Fiche publication


Date publication

juillet 2011

Auteurs

Membres identifiés du Cancéropôle Est :
Pr NGUYEN Philippe


Tous les auteurs :
Ben-Hadj-Khalifa S, Hezard N, Almawi WY, Remy MG, Florent B, Mahjoub T, Nguyen P

Résumé

Anticoagulants, including unfractionated heparin (UFH), enoxaparin and fondaparinux, are approved drugs in acute coronary syndrome (ACS). Monocytes and monocyte-derived microparticles (MMPs) play an important procoagulant role in ACS by expressing high tissue factor (TF) levels, which in turn triggers thrombin generation. The objective of our study is to compare the in-vitro inhibitory effect of UFH, enoxaparin and fondaparinux in monocytes and MMP models. Human-elutriated monocytes were activated for 5 and 18 h by lipopolysaccharide to obtain activated monocytes (ac-M) or MMPs, respectively. Thrombin generation inhibition was assessed using ac-M or MMPs mixed with platelet-poor plasma containing increased concentrations of anticoagulants. Thrombin generation inhibition was dose-dependent with a differential effect according to the drug: the highest for UFH, the lowest for fondaparinux.

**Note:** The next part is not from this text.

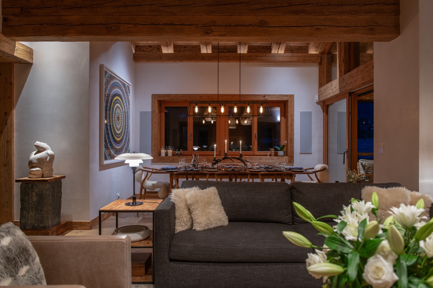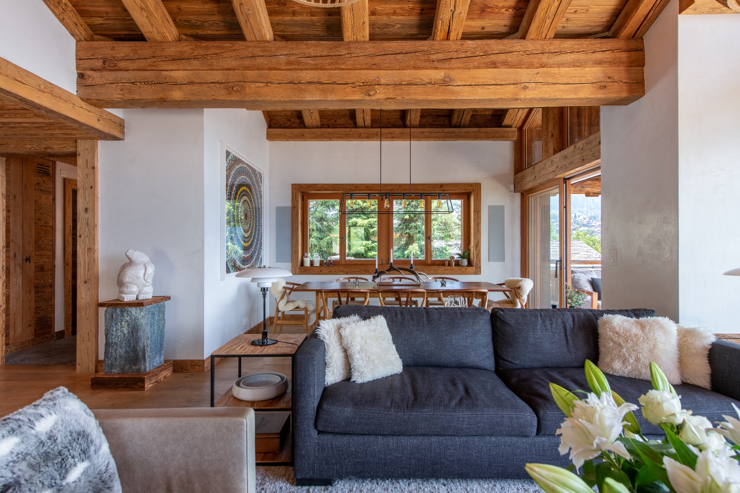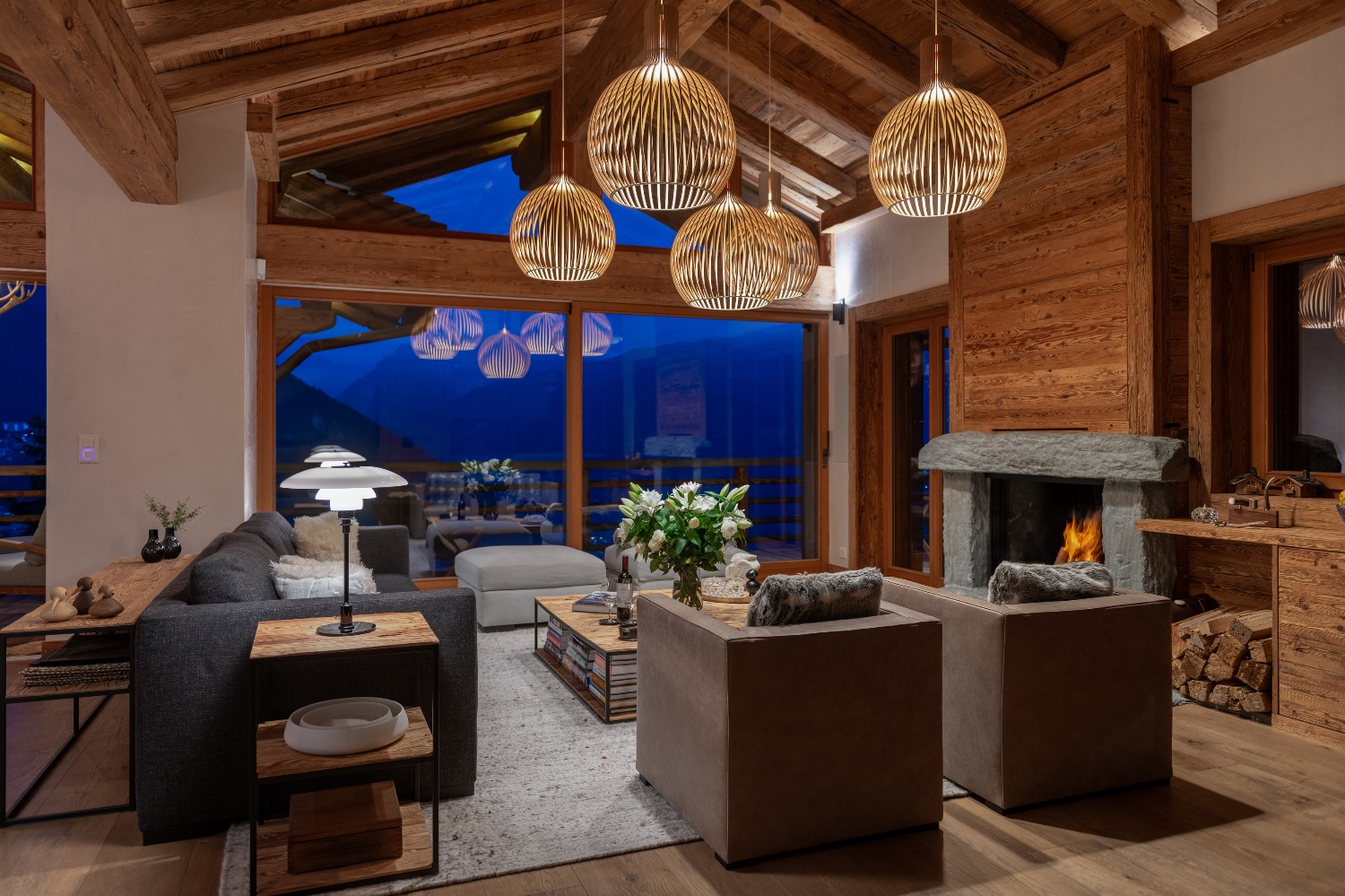 On the entrance level, an elegant open-plan living and dining area welcomes guests with understated sophistication. The heart of the space is a charming open fireplace framed by plush sofas and armchairs — an inviting setting for evenings after a day on the slopes.

Rate index was the most sensitive parameter. For fondaparinux, its IC50 values (anti-Xa IU/ml) were 0.59+/-0.05 for ac-M and 0.17+/-0.03 for MMPs. For enoxaparin, rate index IC50 values were 0.27+/-0.03 for ac-M and 0.19+/-0.02 for MMPs. Our data support the notion that cell-induced thrombin generation assay may be a reliable alternative to anti-Xa assessment in determining patient anticoagulation level.

Référence

Blood Coagul Fibrinolysis. 2011 Jul;22(5):369-73.